Using deck.gl with Google Maps

Xiaoji Chen | 消极
vis.gl
Published in
4 min readMay 7, 2019
deck.gl ScatterplotLayer and ArcLayer over Google Maps (data source: Natural Earth)

Live demo

deck.gl was originally created to work with Mapbox GL JS. All of the examples on its website still use Mapbox as the base map. Yet, since we first open-sourced the framework, we’ve been asked on GitHub: how do you use it with Google Maps?

Both map solutions use Web Mercator Projection, so the same camera settings should (for the most part) yield pixel-matching views. In practice, we found there was more to it than that, so we worked with the Google Maps Platform engineering team to make it happen.

So what was the issue?

The largest issue that delayed adding Google Maps support to deck.gl was camera synchronization. For example, when a user zooms in and out of a Google map with the scroll wheel, Google Maps always settles on an integer zoom level, and applies a smooth transition between the current and new zoom levels. For deck.gl’s visualization layers to look as a seamless part of the Google map, deck.gl must redraw its canvas on every transition frame to match itself with the base map.

To achieve this, we had two options:

  • Match the deck.gl camera with that of the base map. This requires us to listen to a camera event of the map component and update the deck.gl view state on every change. But there’s a big problem with this approach: in Google Maps, the zoom_changed event is fired only once when zoom happens, and the map.getZoom method only ever returns the target (integer) zoom level. This means there’s no way for deck.gl to stay synchronized with Google’s transition animation between zoom levels.
  • Match the base map’s camera with that of deck.gl. This approach would require disabling the default interaction of Google Maps, and use deck.gl’s map controller to drive all camera changes. Bad news: we can’t do that either because the map.setZoom function of the Google Maps JS API doesn’t accept fractional values, meaning there is no way for external code to plug in a smooth transition logic.

So neither of these options was viable. From the API perspective, Google Maps JS API doesn’t offer the fine-grain callbacks, getters and/or setters that deck.gl normally uses for camera synchronization. Additionally, we had no visibility into the animation curve used to control the camera in Google Map, so we couldn’t hack our end to produce the same look. It started to look like Google Maps support wouldn’t be possible.

The solution

While working on deck.gl v7.0, we partnered with developers from Google to restart the investigation into how deck.gl can work seamlessly with Google Maps. Their familiarity with the Maps API gave us the eventual breakthrough. The solution involved extending the OverlayView API and reverse-engineering the projection matrix as well as some CSS. If you are curious, here is how we did it.

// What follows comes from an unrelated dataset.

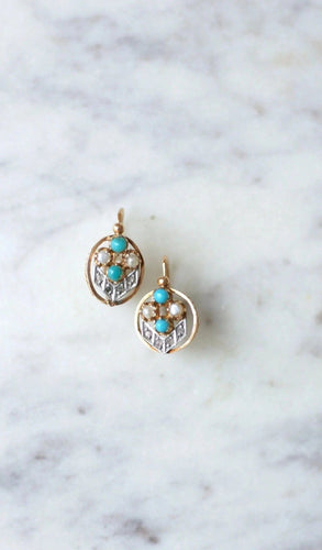 Alte Schlafohrringe aus 18-karätigem Roségold (Adlerkopfpunze), verziert mit Türkis, feinen Perlen und Diamanten im Rosenschliff.

We figured you probably don’t need to know the details, so we packaged it up and offered it as a new npm module @deck.gl/google-maps. To use this module, you construct a GoogleMapsOverlay instance:

import {GoogleMapsOverlay} from '@deck.gl/google-maps';const overlay = new GoogleMapsOverlay({
// Deck props
});

And then simply use it as any other Maps overlay:

overlay.setMap(map);

Here is what the code would look like:

Mapping 203K trees in Paris using Google Maps and deck.gl’s ScatterplotLayer. Data source: https://opendata.paris.fr/

Live demo

All deck.gl layers and picking functionalities (e.g. onHover and onClick) work with the Google Maps integration.

The Google Maps JavaScript library does not support free rotation of the camera, so sadly the 3D layers of deck.gl may not work very well. deck.gl does not currently support zoom levels below zero, so it will hide itself when the user zooms all the way out.

What’s next

Because we don’t use Google Maps for internal apps at Uber, this new module might not be as battle-tested as the rest of the framework. We ask external developers to kindly provide us feedback if anything can be improved.

This is not the end of our work with Google Maps. The Google Maps API team plan on offering more of their WebGL infrastructure through the JS API and are committed to work closely with us as they bring their 3D rendering to their external developers. We love the richness of Google’s map data and its beautiful visuals. I would personally die to put my data in the same 3D space as its building models and street view.

Big thanks to everyone who worked on this feature: Pascal Gula, Ib Green, Don McCurdy, and Travis McPhail.